Exercise instructions:
Copy each record exactly as it reads, leaving out any pictures it holds.
══════════
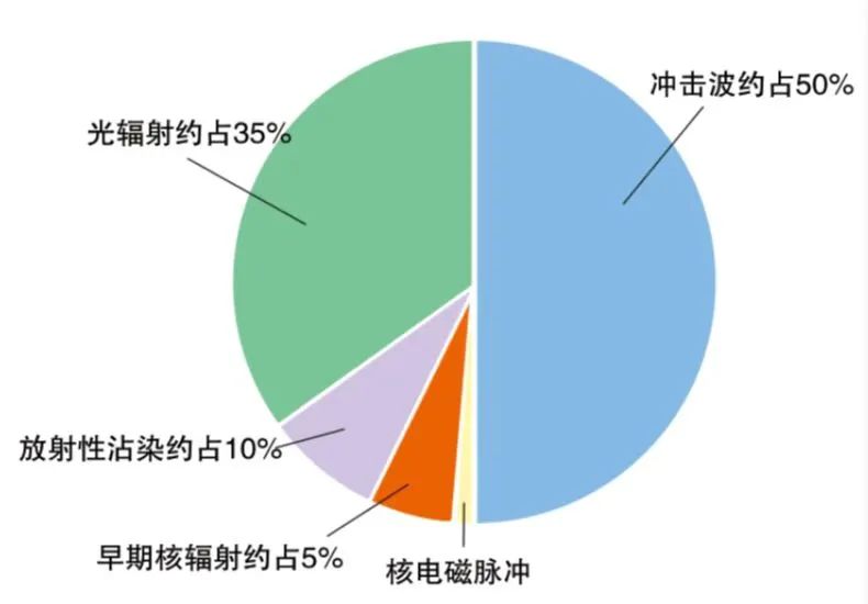 核武器爆炸对人员和物体造成的杀伤破坏作用及效果,又称毁伤效应。造成杀伤破坏的主要因素有:光辐射、冲击波、早期核辐射、核电磁脉冲和放射性沾染。
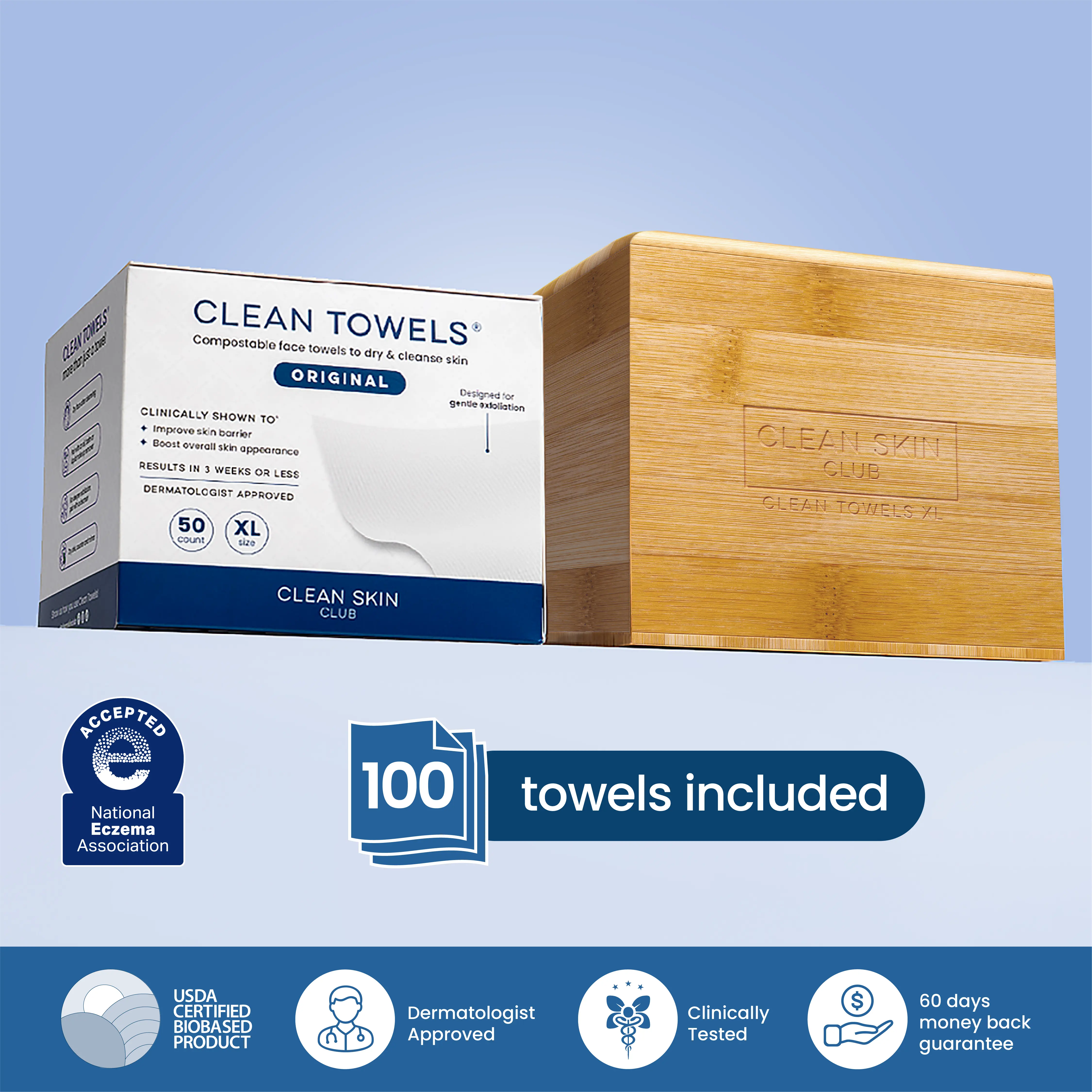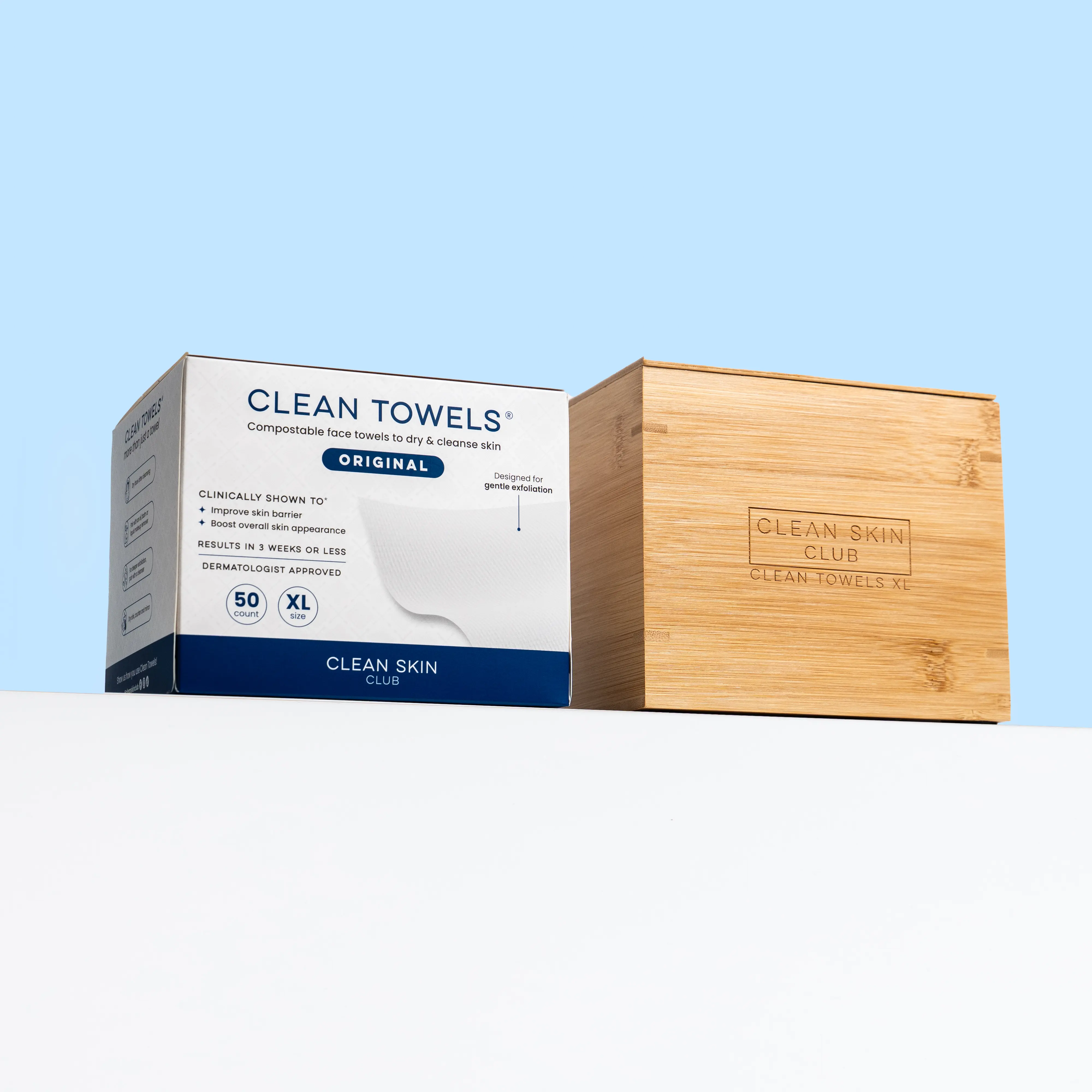 Clean Towels XL are clinically shown to improve 100% of overall skin health. They are the original disposable, ultra-soft, and bio-based face towel, approved by dermatologists. Unlike regular towels, Clean Towels are scientifically designed for optimal skin health. 🌿
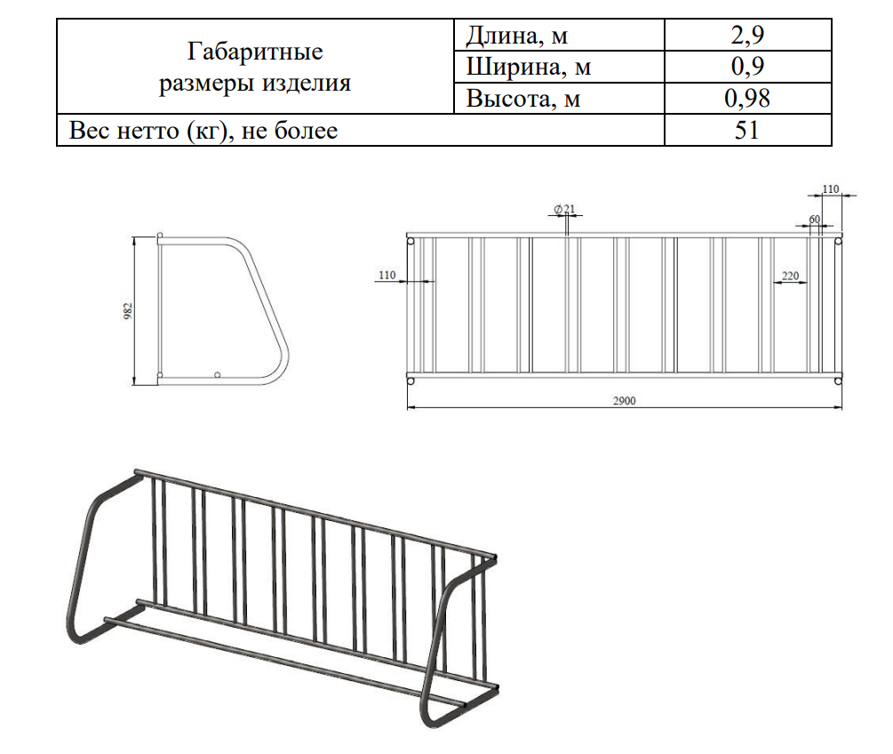 Велопарковка №41, на 9 мест, 2900*900*980 мм..
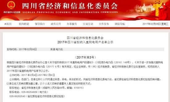 四川省經(jīng)信委公示2017年擬納入直購(gòu)電用戶名單 看看有沒(méi)有你家企業(yè)?發(fā)表時(shí)間:2017-02-08 16:02
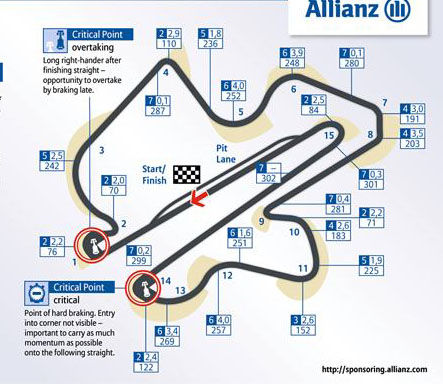 22. Rossi與Biaggi在通過圖中11號高速彎時的心跳頻率曾被評論員拿來比較兩人特質。Istanbul--Turkey
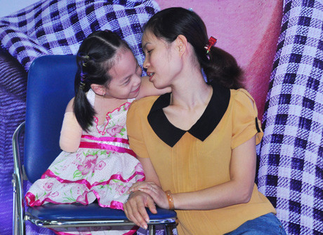 Không những thế, bên cạnh mẹ, em tỏ ra khá hiếu động và sử dụng phần cánh tay còn lại trêu vui mẹ nhưng cũng biết ngồi yên lắng nghe khi theo dõi mẹ trò chuyện với các cô chú xung quanh.
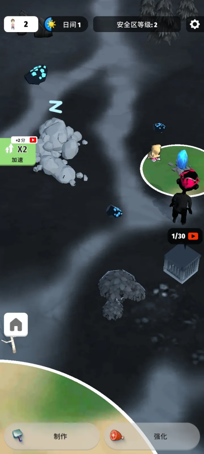 2.随着安全区等级提升(如从1级升至2级),可探索更广阔的区域,收集稀有资源(如带蓝光的石块),同时利用“加速”功能(如X2加速)缩短资源收集和升级时间,提升生存效率。
══════════
Answer space:
 核武器爆炸对人员和物体造成的杀伤破坏作用及效果,又称毁伤效应。造成杀伤破坏的主要因素有:光辐射、冲击波、早期核辐射、核电磁脉冲和放射性沾染。
 Clean Towels XL are clinically shown to improve 100% of overall skin health. They are the original disposable, ultra-soft, and bio-based face towel, approved by dermatologists. Unlike regular towels, Clean Towels are scientifically designed for optimal skin health. 🌿
 Велопарковка №41, на 9 мест, 2900*900*980 мм..
 四川省經(jīng)信委公示2017年擬納入直購(gòu)電用戶名單 看看有沒(méi)有你家企業(yè)?發(fā)表時(shí)間:2017-02-08 16:02
 22. Rossi與Biaggi在通過圖中11號高速彎時的心跳頻率曾被評論員拿來比較兩人特質。Istanbul--Turkey
 Không những thế, bên cạnh mẹ, em tỏ ra khá hiếu động và sử dụng phần cánh tay còn lại trêu vui mẹ nhưng cũng biết ngồi yên lắng nghe khi theo dõi mẹ trò chuyện với các cô chú xung quanh.
 2.随着安全区等级提升(如从1级升至2级),可探索更广阔的区域,收集稀有资源(如带蓝光的石块),同时利用“加速”功能(如X2加速)缩短资源收集和升级时间,提升生存效率。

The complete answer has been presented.